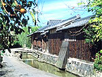 橋本川に沿った東西約150m、南北約300mの範囲で、中級武士の屋敷が主体だった所。江戸時代以来の地割や、主屋、長屋門、土蔵などの建築物が当時の姿をよく保っている。この地区も、夏ミカンの木が結構多い。両側に高い土塀が続くが、途中で道と土塀が曲がる「鍵曲がり」が特徴。これは敵の侵入に備えてもの。 |
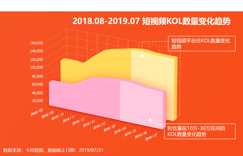研究2018年8月-2019年7月一年里短视频平台KOL数量变化,火星营销研究院发现:在过去的一年里,KOL整体处于增长的状态,但从2019年4月开始,KOL的整体数量出现下滑,并在余下的4个月里持续缓滑。
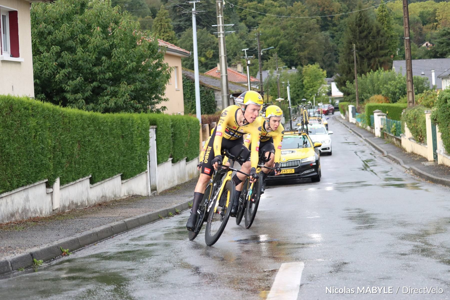Pas de quoi donc perturber le train jaune-et-noir. "Nous sommes restés confiants. Nous espérions réaliser un bon chrono. Nous avons fait un bon repérage", indique Johannes Staune-Mittet. Il le fallait au vu des conditions pluvieuses. "C’était une situation dangereuse et chaotique", poursuit le 2e du Tour de l’Avenir. “On voulait vraiment appuyer fort sur les pédales dans les montées et aller plus doucement dans les descentes car c’était très humide et glissant", révèle son coéquipier irlandais.
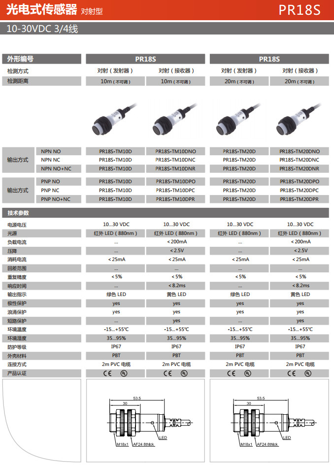PR18S-TM10D,PR18S-TM20D,PR18S-TM10DNO,PR18S-TM10DNC,PR18S-TM10DNR,PR18S-TM10DPO,光電式傳感器
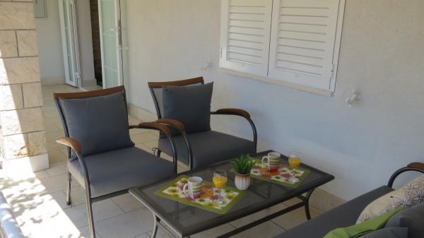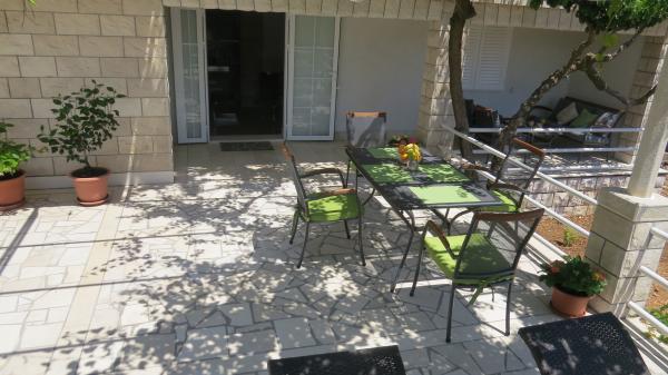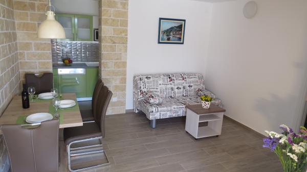 Az apartmanok Mokalo kis falujában találhatók, a Pelješac-félszigeten, Orebićtől 3 km-re keletre.
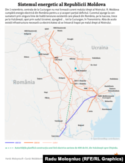 Dar din cauza racordării rețelelor electrice ucrainene și moldovene cu cea europeană, R. Moldova poate primi masiv curent din România, fără să mai fie nevoie să construiască stații costisitoare de transformare a curentului românesc importat.

- - - -

Required action
Repeat the entries exactly as they are given, leaving out each image.

Task output
 橋本川に沿った東西約150m、南北約300mの範囲で、中級武士の屋敷が主体だった所。江戸時代以来の地割や、主屋、長屋門、土蔵などの建築物が当時の姿をよく保っている。この地区も、夏ミカンの木が結構多い。両側に高い土塀が続くが、途中で道と土塀が曲がる「鍵曲がり」が特徴。これは敵の侵入に備えてもの。 |
研究2018年8月-2019年7月一年里短视频平台KOL数量变化,火星营销研究院发现:在过去的一年里,KOL整体处于增长的状态,但从2019年4月开始,KOL的整体数量出现下滑,并在余下的4个月里持续缓滑。
Pas de quoi donc perturber le train jaune-et-noir. "Nous sommes restés confiants. Nous espérions réaliser un bon chrono. Nous avons fait un bon repérage", indique Johannes Staune-Mittet. Il le fallait au vu des conditions pluvieuses. "C’était une situation dangereuse et chaotique", poursuit le 2e du Tour de l’Avenir. “On voulait vraiment appuyer fort sur les pédales dans les montées et aller plus doucement dans les descentes car c’était très humide et glissant", révèle son coéquipier irlandais.
PR18S-TM10D,PR18S-TM20D,PR18S-TM10DNO,PR18S-TM10DNC,PR18S-TM10DNR,PR18S-TM10DPO,光電式傳感器
 Az apartmanok Mokalo kis falujában találhatók, a Pelješac-félszigeten, Orebićtől 3 km-re keletre.
 Dar din cauza racordării rețelelor electrice ucrainene și moldovene cu cea europeană, R. Moldova poate primi masiv curent din România, fără să mai fie nevoie să construiască stații costisitoare de transformare a curentului românesc importat.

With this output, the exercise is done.